Disney's The Hunchback of Notre Dame begins with Clopin telling a group of children the beginning of Quasimodo's story. When he was a baby, a group of gypsies, which may have included either or both of his parents plus at least one gypsy who wasn't one of his parents (if I recall correctly), carried him though Paris, trying to sneak past Judge Frollo and the city guards. At one point, Quasimodo cried, putting the gypsies at risk of detection. Fortunately, the female gypsy in the group, who is assumed to be his mother, managed to hush the baby Quasimodo, but this situation reminded me of an episode of M*A*S*H in which a baby had to be smothered to prevent its cries from putting the lives of others in jeopardy, which prompts a very serious moral question: Is it morally acceptable to kill a child when doing so is necessary to save the lives of others?
In essence, this question is a variant of the Trolley Problem. In the Trolley Problem, the situation is that a speeding trolley with malfunctioning brakes is racing down a track toward a junction. If the trolley keeps going down its current track, it will hit and kill one person or group of people, but if someone throws a switch and sends it down a different track, it will hit and kill another person or group of people. In this situation, you are the one standing by that switch, and you must decide whether or not to sacrifice one person or group in order to spare another person or group.
Naturally, this decision can be very difficult to make, especially as the situations become more complex. If two identical people are standing, one on each track, and there is no discernible difference between them, it pretty clearly makes little to no sense to sacrifice one of them to spare the other.

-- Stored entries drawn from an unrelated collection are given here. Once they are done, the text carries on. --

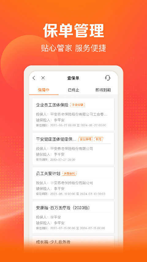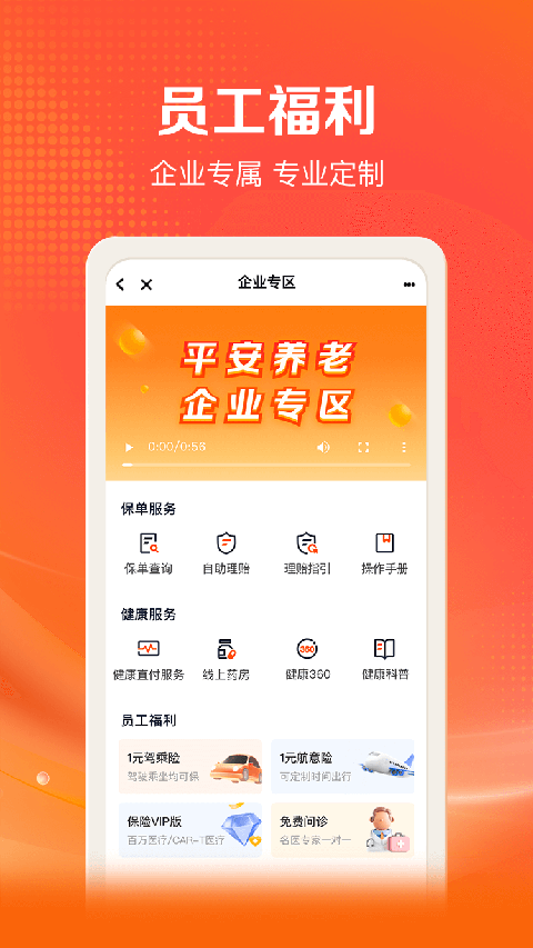 1.保险: •查保单:全面查阅保障情况,涵盖企业团体保单和个人家庭保单; •办理赔:自助理赔,秒级到账,进度透明,实时查阅。 2.健康: •药械商城:正品保价,支持健康直付服务; •线上医院:可开处方药,送药上门,符合保障约定客户支持直付/代理赔/自付; •企业员康:提供多种企业健管服务套餐,健康360、家庭医生、安享无忧; •健康体检:团检、家人体检均可线上预约,在线查看报告,免费报告解读。 3.养老: •企业年金:支持企业年金账户三查,查余额、查缴费、查详情;支持企业年金受托服务全流程线上化,包括新人参与年金计划、调整投资比例、退休领取申请; •个人养老保险:涵盖分红型、万能型、专属商业养老保险等年金保险产品; •养老服务:链接居家养老、社区养老、机构养老等供应商,提供居家照护、失能护理、康复训练等养老服务。 4.活动: •注册用户享受免费问诊服务;更新日志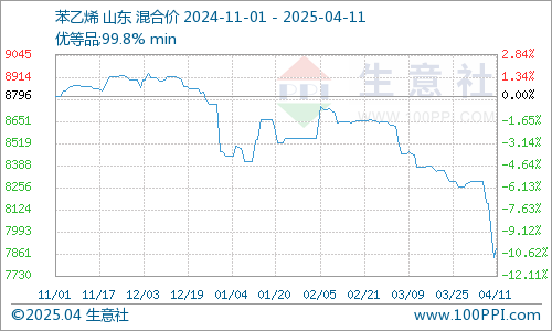 据生意社商品分析系统,本周苯乙烯市场继续下跌,周初均价8170元/吨,周末均价7890元/吨,周内跌3.43%。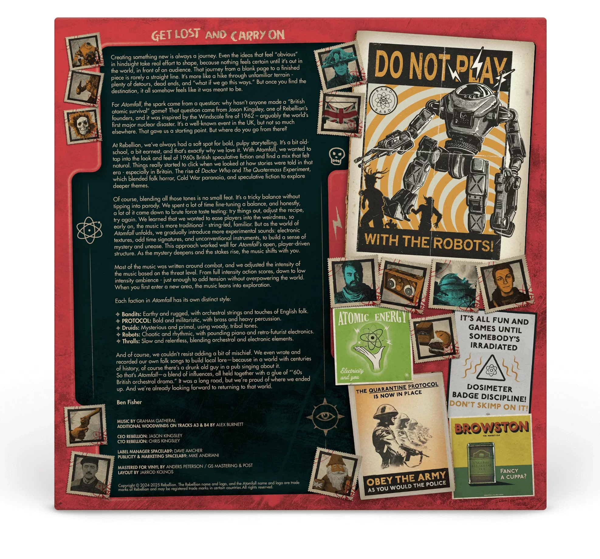Die limitierte Vinyl-Edition ist in einem aufklappbaren Sleeve verpackt, der propagandistische Kunst und zentrale Motive aus dem Spiel zeigt. So bringt sie die Spannung von Atomfall direkt auf euren Plattenspieler – jeder Track ist ein Fenster in diese Welt.TRACKLISTE

They're identical, so there's no reason to value either of their lives over the other's. But the situation the gypsies found themselves in was much more complex and tricky.
In the situation in The Hunchback of Notre Dame, a woman who may have been Quasimodo's mother had to decide how she was going to try to silence the child in order to reduce the chances of their capture. If they were captured, they would be arrested and probably either killed or tortured, and the baby would almost certainly die.
Looking at the situation simplistically and pragmatically, it might make sense to sacrifice one person, whose life was almost certainly forfeit anyway, in order to spare the others from death or a fate worse than death. But this situation is not so simple. It involves unknown odds of unpredictable outcomes. Maybe they could spare the child and still not be detected, or they might kill the child and still get caught. It's impossible to know what any of their odds of survival were based on which course of action they took.
It's also irrational to expect the woman who may have been Quasimodo's mother to think about this situation from a purely logical and pragmatic perspective. It's one thing to say that it makes sense to sacrifice one for the good of the many, but it's much more difficult to put that belief into action when you're the one who has to smother your own baby.
I'm not sure what I would have done in such a situation, and I deeply hope that I never have to find out. This is an exceptionally challenging predicament for anyone to be in, and I can't judge anyone who has ever been in such a situation for whatever decision they made. It's an impossible decision for anyone to have to make, and I have sympathy and pity for anyone who has ever had to make it.